CE28 mars 2014CE, 10ème/9ème SSR, 28 mars 2014, Syndicat National des Enseignements de Second Degré (SNES), n° 361042, T., point 15(source)
Donnée faisant état d'un handicap sans donner d'information sur sa nature – Exclusion
La mention du taux d'incapacité permanente ou du taux d'invalidité du « conjoint ou partenaire » et des personnes à la charge de l'agent n'est pas une donnée « relative à la santé » au sens des dispositions précitées de l'article 8 de la loi n°78-17 du 6 janvier 1978 relative à l’informatique, aux fichiers et aux libertés, dès lors qu'il n'est même allégué qu'elle donnerait une information sur la nature du handicap.
CE19 juillet 2010CE, 10e/9e SSR, 19 juillet 2010, M. A et Mme B, n° 317182, Rec., point 18(source)
Catégorie de classe d'intégration scolaire (CLIS) – Inclusion – Structure de soins accueillant des élèves – Exclusion
La mention exacte, dans la « Base élèves 1ᵉʳ degré », de la catégorie de classe d’intégration scolaire (CLIS) dont relève l'élève, identifiée par l'un des quatre chiffres codant le type de handicap ou de déficience de l'élève, ce qui permet d'identifier la nature de l'affection ou du handicap dont il souffre, est une donnée relative à la santé au sens de l'article 8 de la loi n°78‑17 du 6 janvier 1978 relative à l'informatique, aux fichiers et aux libertés. Tel n'est pas le cas, en revanche, de la structure de soins qui l'accueille ; celle‑ci ne permettant qu'en très rares cas, où sa dénomination est explicite, d'identifier directement la pathologie de l'élève.

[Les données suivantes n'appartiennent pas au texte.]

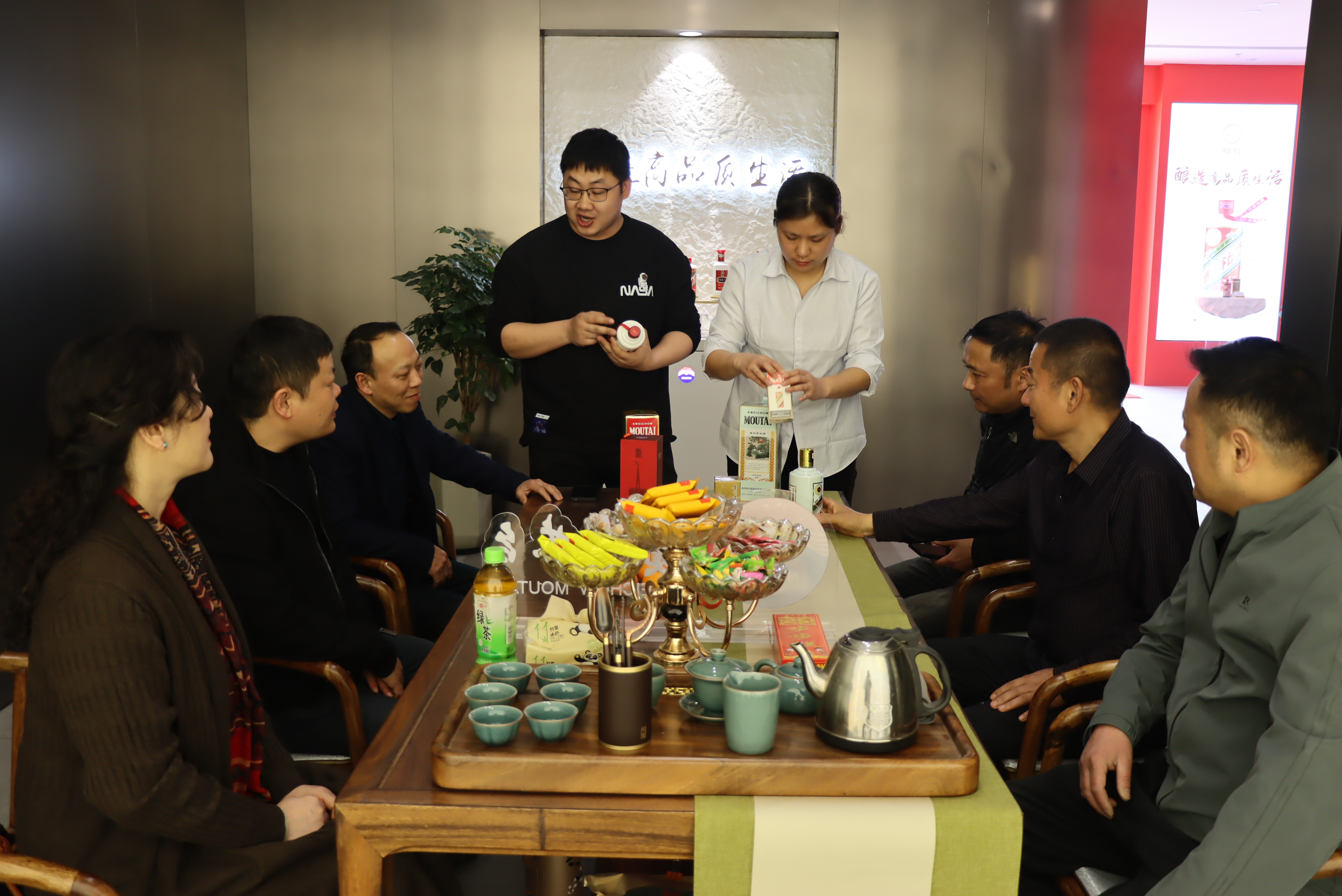 活動(dòng)中,專賣店店員為客戶們?cè)敿?xì)介紹了i茅臺(tái)線上產(chǎn)品,宣傳茅臺(tái)知識(shí),貴州茅臺(tái)酒品質(zhì)卓越,具有“醬香突出、幽雅細(xì)膩、酒體醇厚、回味悠長(zhǎng)、空杯留香持久”的酒體特點(diǎn),茅臺(tái)酒的香氣特征被剖析為9大類香氣,包括:花香、水果香、青草香、甜香、焙烤香、干植物香、醬香、酸香及其它香氣,這些呈現(xiàn)不同香氣特征的物質(zhì)組成了茅臺(tái)酒復(fù)雜的香氣特征。其以獨(dú)特高品質(zhì)的釀造工藝成為中國(guó)白酒的“活化石”。中國(guó)大曲醬香型的代表和鼻祖。在中國(guó)酒文化中占據(jù)極為重要的地位。
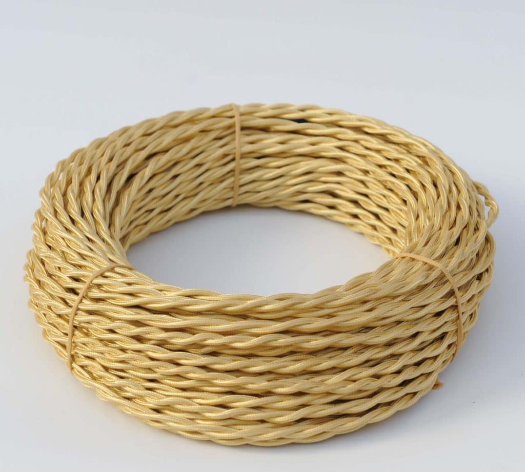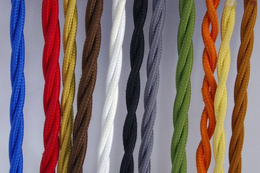 Что такое текстильный кабель (он же ретро кабель)? Это двужильный, либо трехжильный медный электрический провод, упакованный в изоляцию ПВХ, затем покрытый цветной текстильной оплеткой либо обвязкой из стекловолокна. Двужильные провода обычно берут для освещения. Трехжильные — для проводки (так как третья жила предназначена для заземления).

CE19 juillet 2010CE, 10ème/9ème SSR, 19 juillet 2010, M. F et Mme C, n° 334014, T., point 10(source)
Code d’identification d’un établissement scolaire accueillant des enfants handicapés – Absence
Les codes d’identification propres aux établissements dans lesquels sont scolarisés les enfants, y compris dans les cas où l’enfant est scolarisé dans une structure hospitalière ou dans un établissement de santé, permettent de savoir que l’élève a été souffrant mais ne fournissent par eux‑mêmes aucune information sur la nature, la durée ou la gravité de l’affection de l’élève, information qui ne peut être obtenue qu’en accédant à un autre fichier mettant en correspondance les codes et la dénomination de l’établissement. Ce n’est que dans de très rares cas que la dénomination de l’établissement est explicite quant à la nature des pathologies qu’il soigne. Par conséquent, ces données ne sont pas relatives à la santé au sens de l’article 8 de la loi n°78‑17 du 6 janvier 1978 relative à l’informatique, aux fichiers et aux libertés, dite loi Informatique et Libertés.
CNIL11 mai 2023CNIL, FR, 11 mai 2023, Sanction, Société X, n° SAN-2023-006, publié, point 56 Données contenant la santé(source)
Traitement impliquant nécessairement des données de santé – Information explicite de l'utilisateur – Obligation
Lorsque le service demandé par l'utilisateur implique nécessairement le traitement de données de santé, il est cependant indispensable que l'utilisateur ait pleinement conscience de ce que ses données de santé seront traitées et parfois conservées par le responsable de traitement, ce qui implique en principe une information explicite sur ce point lors du recueil du consentement.